Arka menyodorkan perhiasan yang tadi Ia beli bersama Arlita, dan tak menunggu lama ijab qabul pun dimulai.
Dan dengan lancar Arka mengucapkan ijab qabulnya dengan menggunakan bahasa arab, lalu terdengar kata sah. Yang membuat hati Arlita dan Arka bahagia. Senyum dari bibir keduanya tak terelakkan lagi.

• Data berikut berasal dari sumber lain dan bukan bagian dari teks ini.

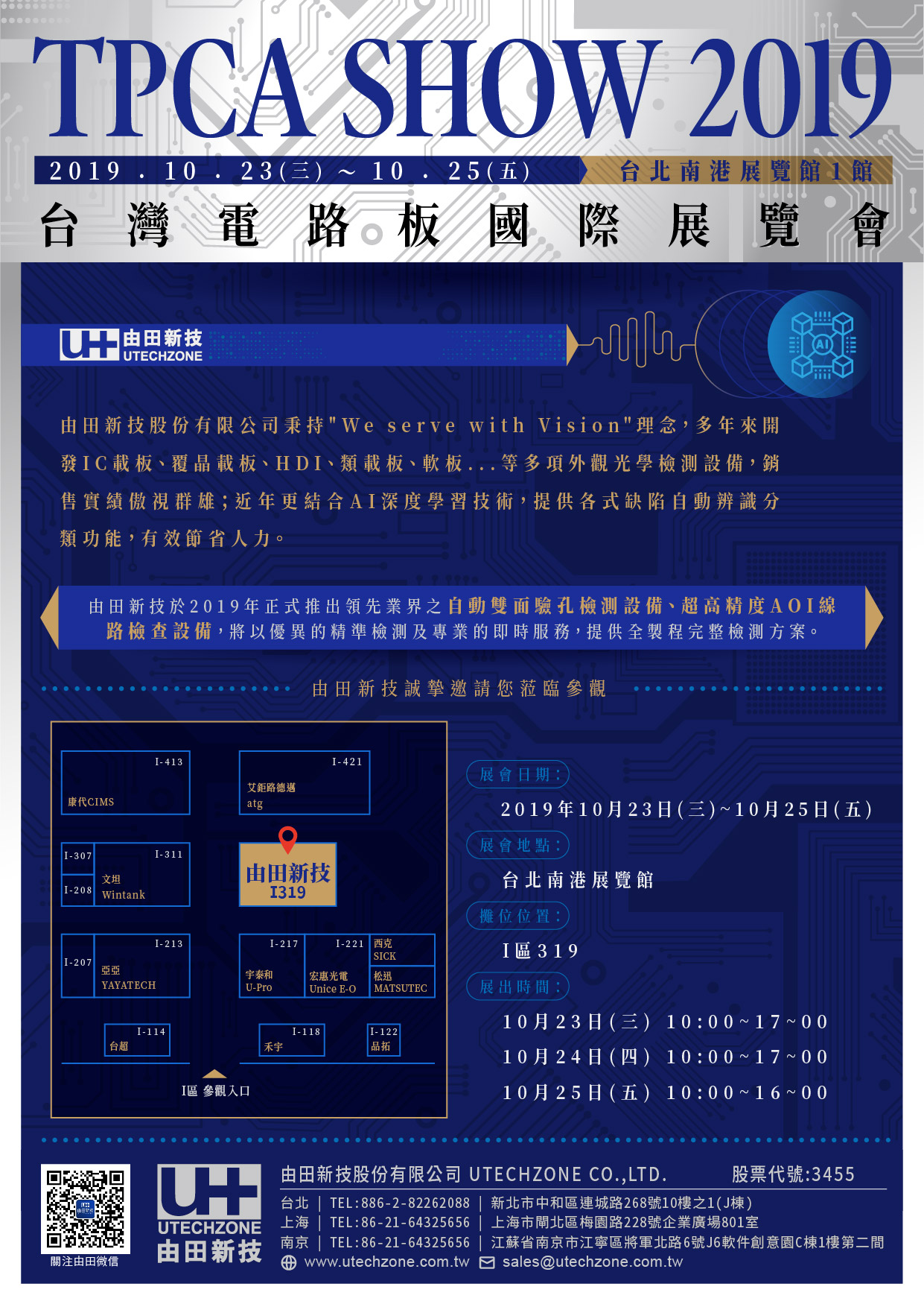 TPCA SHOW 2019 台灣電路板產業國際展覽會,由田攤位號 I319,歡迎蒞臨參觀!

SEmua orang disana menatap haru kedua pengantin itu karena mereka tahu, jika mereka berdua adalah Interpol ya ng bertugas mengamankan kawasan disana.
Pesta kecilpun diadakan Arka udengan para jamaah, Ia membooking sebuah restoran yang tak jauh dari masjid untuk mereka menyantap makan siang bersama sebagai bentuk rasa syukur dan kebahagiaan mereka.